Have you tried tuning to less multiplexes to check whether that is the trigger for the freezing on your 9200T?
 

hifienthusiast

New Member
The capacitors of the 9200T power supply board were changed in 2012. My relative did not use it until 2016. The 9200T was alright until a few months ago, the picture started to freeze. She had to turn the 9200T on using the switch at the back in order to get it working again.
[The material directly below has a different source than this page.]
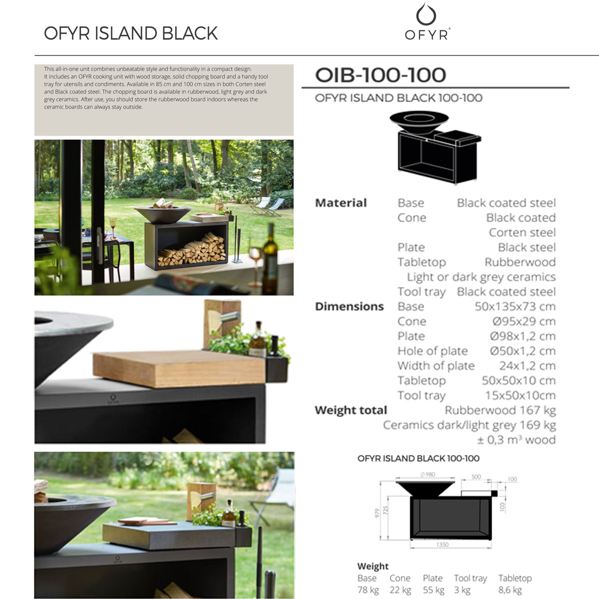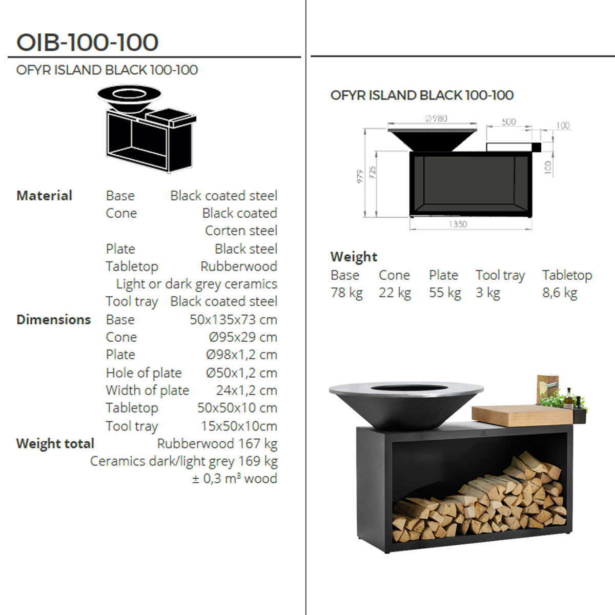 This all-in-one unit combines unbeatable style and functionality in a compact design. The OFYR Island provides everything you need for an ultimate outdoor cooking experience with friends or family. It includes an 85 cm or 100 cm OFYR cooking unit with wood storage, a chopping board and a handy accessories tray for utensils and condiments. The chopping board is available in teak wood or dark grey ceramic.

Do you think it is worth changing the caps on the power supply board of the 9200T again?
 

FoxFan

New Member
Changing the caps (Electrolytic 105deg from RS) made no difference to the symptoms (as decribed in OP) on mine.

My feeling is that it could be the hdd - either moving to failure or because of fragmentation issues - but don't want to loose the backlog of recordings by reformatting at this stage and 9150T seems to be the only model that encyption cannot be overcome by copying. I realise that the hdd is formatted as ext2 which shouldn't suffer fragmentation issues (unless approaching capacity) in linux but if Humax use their own propriety o/s with areas reserved for epg and recording info then this may not be the case. Anyway, I've a spare hdd that can be used to test the hypothesis....
 

MartinLiddle

Super Moderator
Staff member
My feeling is that it could be the hdd - either moving to failure or because of fragmentation issues - but don't want to loose the backlog of recordings by reformatting at this stage and 9150T seems to be the only model that encyption cannot be overcome by copying.
Content on the 9150 is not encrypted; you can download the content to a PC using humaxrw and play it if you want to satisfy yourself of the accuracy of my statement.
I realise that the hdd is formatted as ext2 which shouldn't suffer fragmentation issues (unless approaching capacity) in linux but if Humax use their own propriety o/s with areas reserved for epg and recording info then this may not be the case.
I have no idea why you think the file system is EXT2; it is a proprietary FAT based file system unique to Humax. The EPG cache is on the hard drive but is a single file. The recording schedule is held in NVRAM on the motherboard.